- Krishna Nagar Location in Delhi, India
- Country: India
- State: Delhi
- Time zone: UTC+5:30 (IST)

= Krishna Nagar, Delhi =

Krishna Nagar, Delhi is an urban ward situated in the East Delhi district of Delhi in the Trans-Yamuna area.
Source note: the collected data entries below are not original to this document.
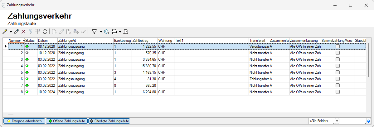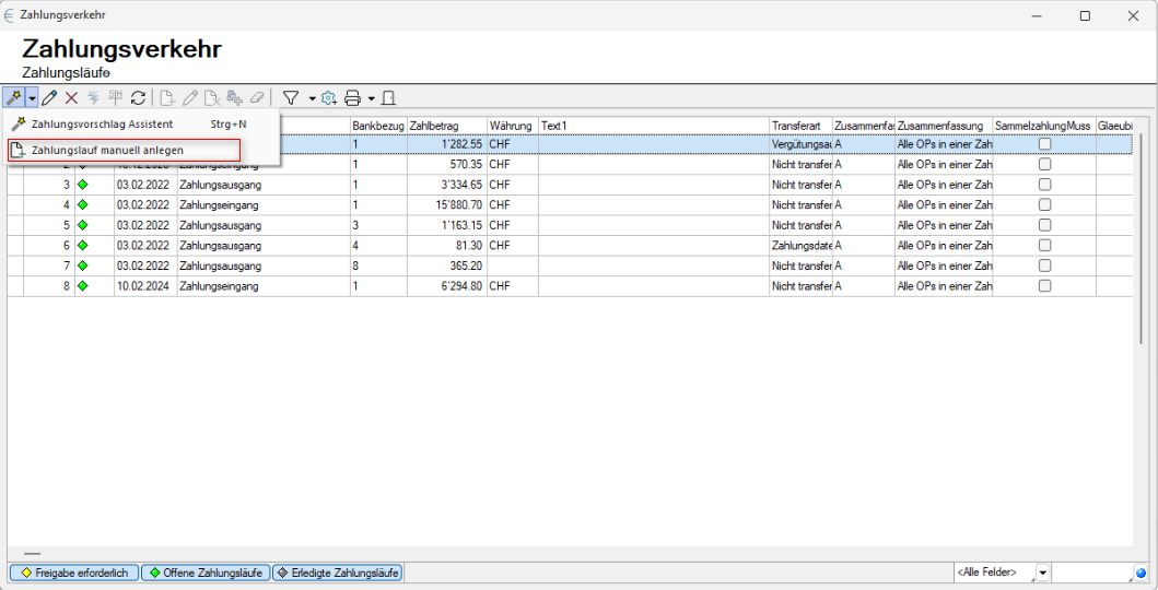 Bearbeiten oder Doppelklick öffnet den markierten Zahlungslauf. |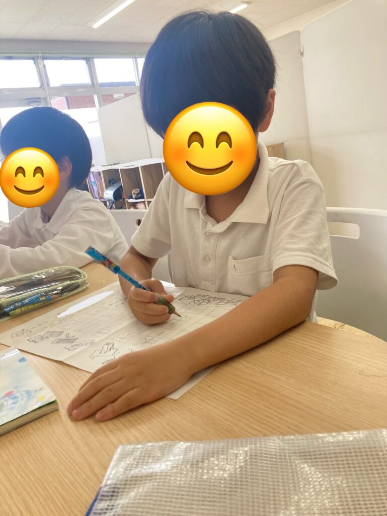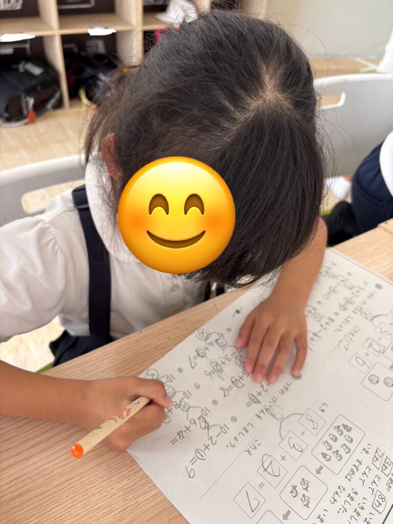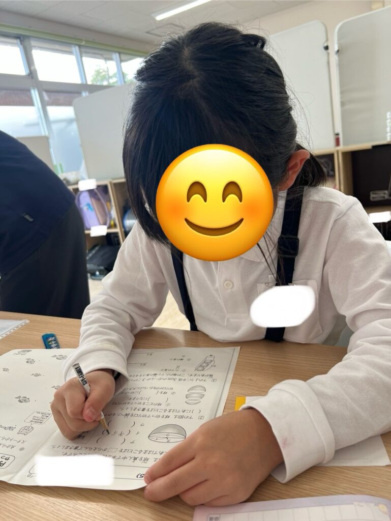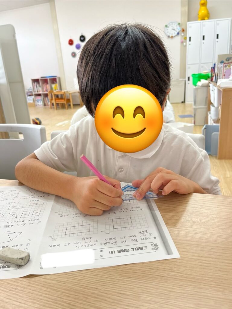 計算問題だけでなく、定規を使った図形の問題なども一生懸命取り組んでいます。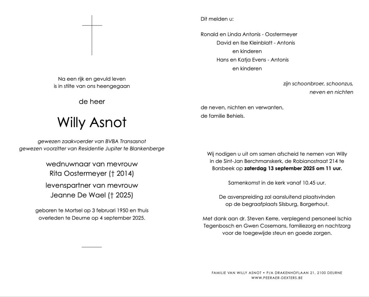 Décédé à Deurne (Antwerpen) (2100) le jeudi 4 septembre 2025 à l'âge de 75 ans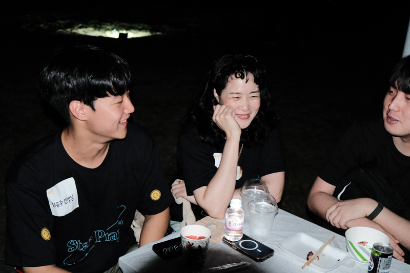 예배 후에는 준비된 야식을 나누며 소그룹으로 서로의 이야기를 나누고,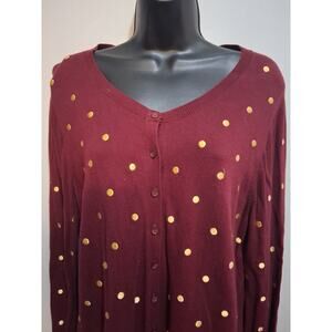 Old Navy Cardigan XL Golden Embroidered Polka-Dots Button Down Casual Preppy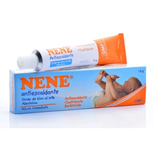 Nene Forma Farmaceútica: Ungüento Acción Terapeútica: Cicatrizante, Bactericida, Antiescaldante Principio Activo: Oxido de Zinc al 10%, Cloruro de Benzalconio, Alantoína Presentación:Tubo x 10 g Tubo x 15 g Registro Sanitario: NN-21339/2010 Presentación: Tubo x 10 g Tubo x 15 g Posología: Aplicar el ungüento, 2 a 3 veces al día en el área afectada. Indicaciones: Previene y cura las escaldaduras en todas sus formas. Contraindicaciones: Hipersensibilidad a los componentes de la formulación. Efectos Secundarios: Generalmente, Nene ungüento es bien tolerado. Industria: Boliviana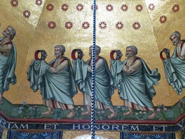 А вот "родные" потолочные мозаики до нас не сохранились. То, что мы видим сегодня, сделано уже во время реставрации конца 19 столетия.
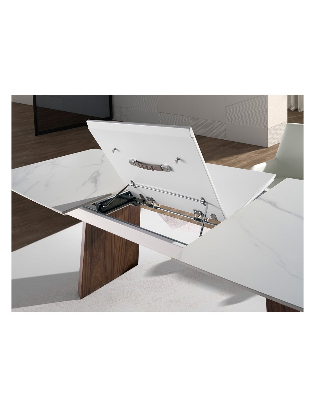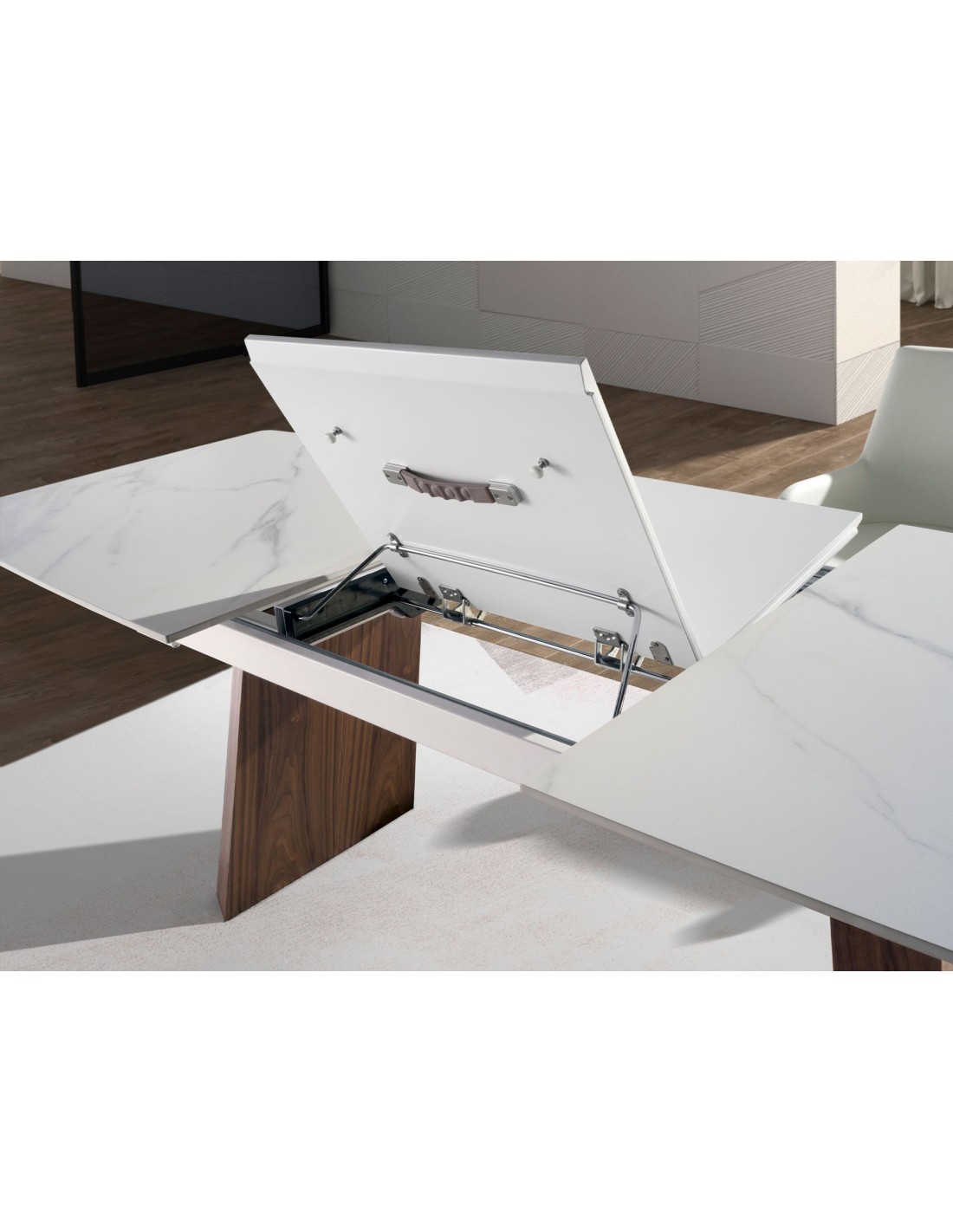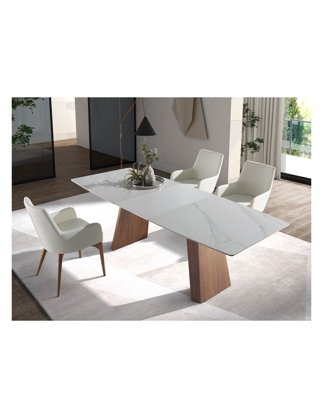 Mesa comedor extensible ovalada barril mármol porcelánico y nogal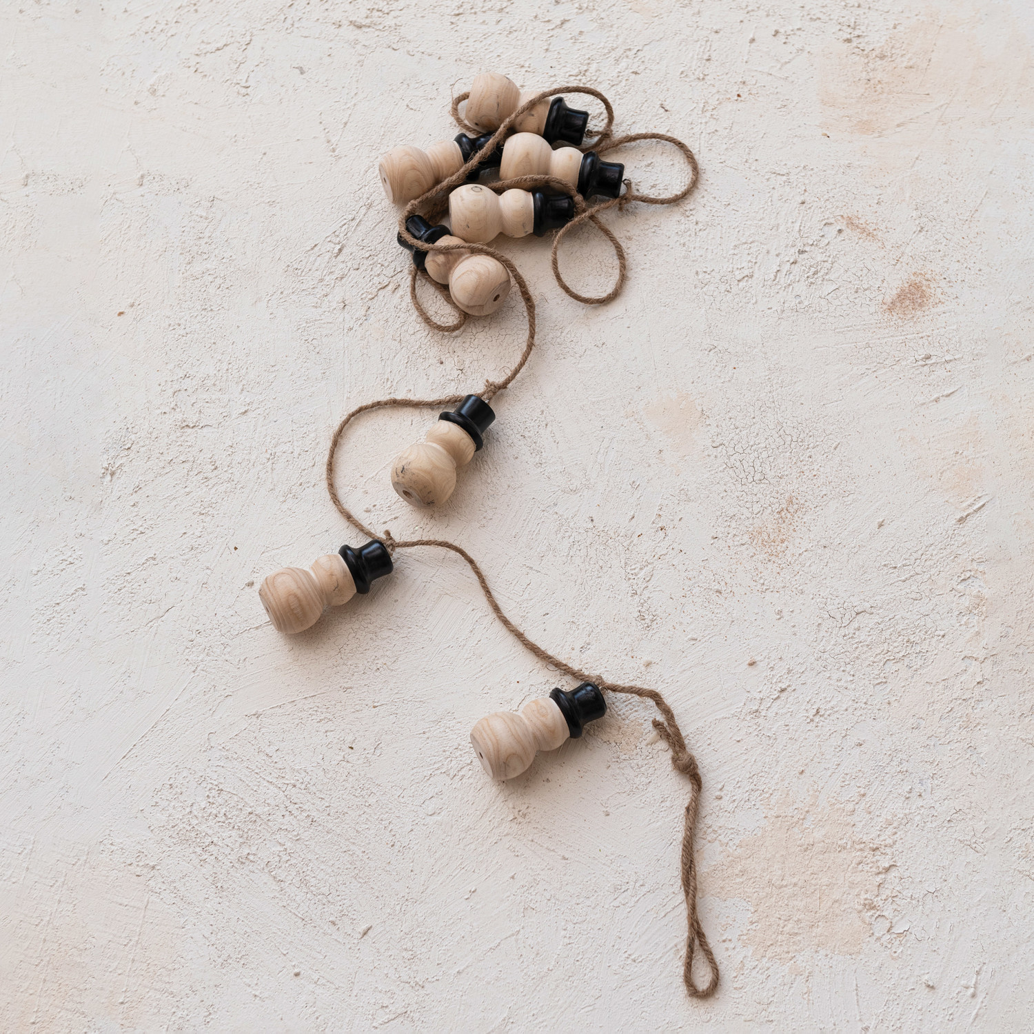 Catalog Name: 72"L x 4-1/4"H Wood Snowman Garland w/ Jute Rope, Natural & Black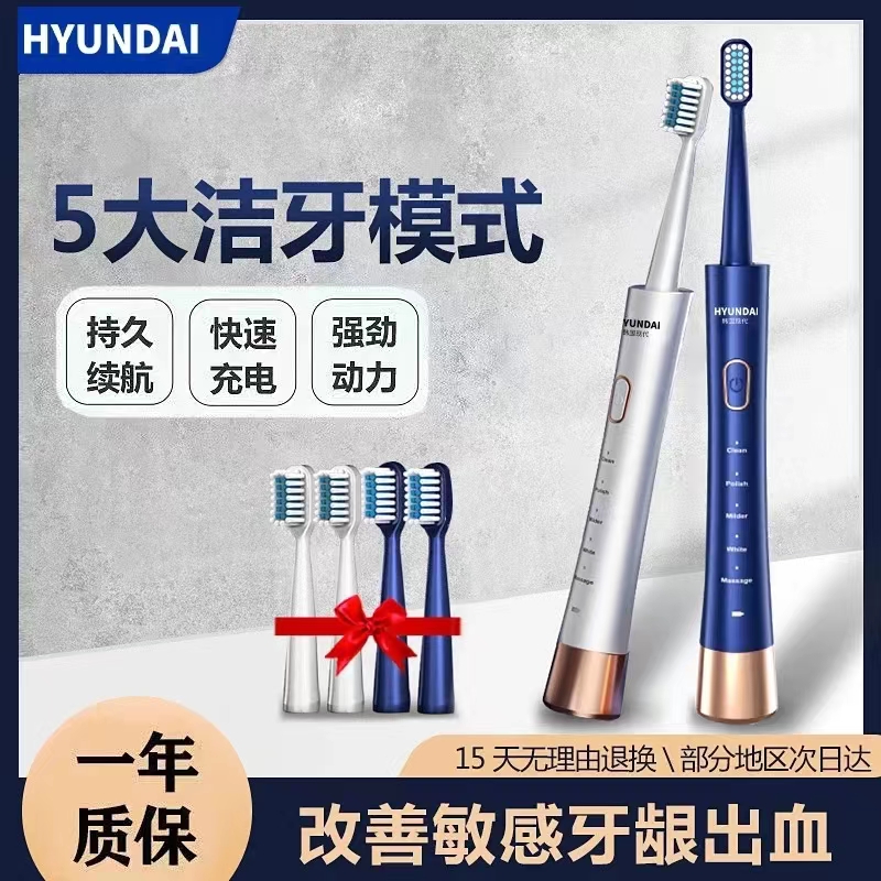 【HYUNDAI韩国现代小蛮腰电动牙刷】IPX7级防水,一分钟38000次震动!续航能力强。

It is surrounded by Vishwas Nagar, Gandhi Nagar, Preet Vihar & Geeta Colony areas.

The main areas under this Delhi Assembly constituency include the Ghondli Vill, Lal Quarter Market, Old Anarkali, Jagatpuri, Ram Nagar, Ram Nagar Extension, East Krishna Nagar, Krishna Nagar Blocks A through K, Krishna Nagar Extension, Shivpuri, Shivpuri Extension, Arjun Nagar, Old Arjun Nagar, Kanti Nagar, Radhey Puri, Rashid Market, Chander Nagar, New Layal Pur and New Layal Pur Extn., West Azad Nagar and Khureji Khas.

The Lal Quarter market is the main attraction of Krishna Nagar, featuring Lajpat-style jewelry, kurtis and dupattas, Sarojini-style style daily wear, saris, bags, accessories, and footwear.

==Metro route==
The Krishna Nagar metro station is located on the Pink Line of the Delhi Metro.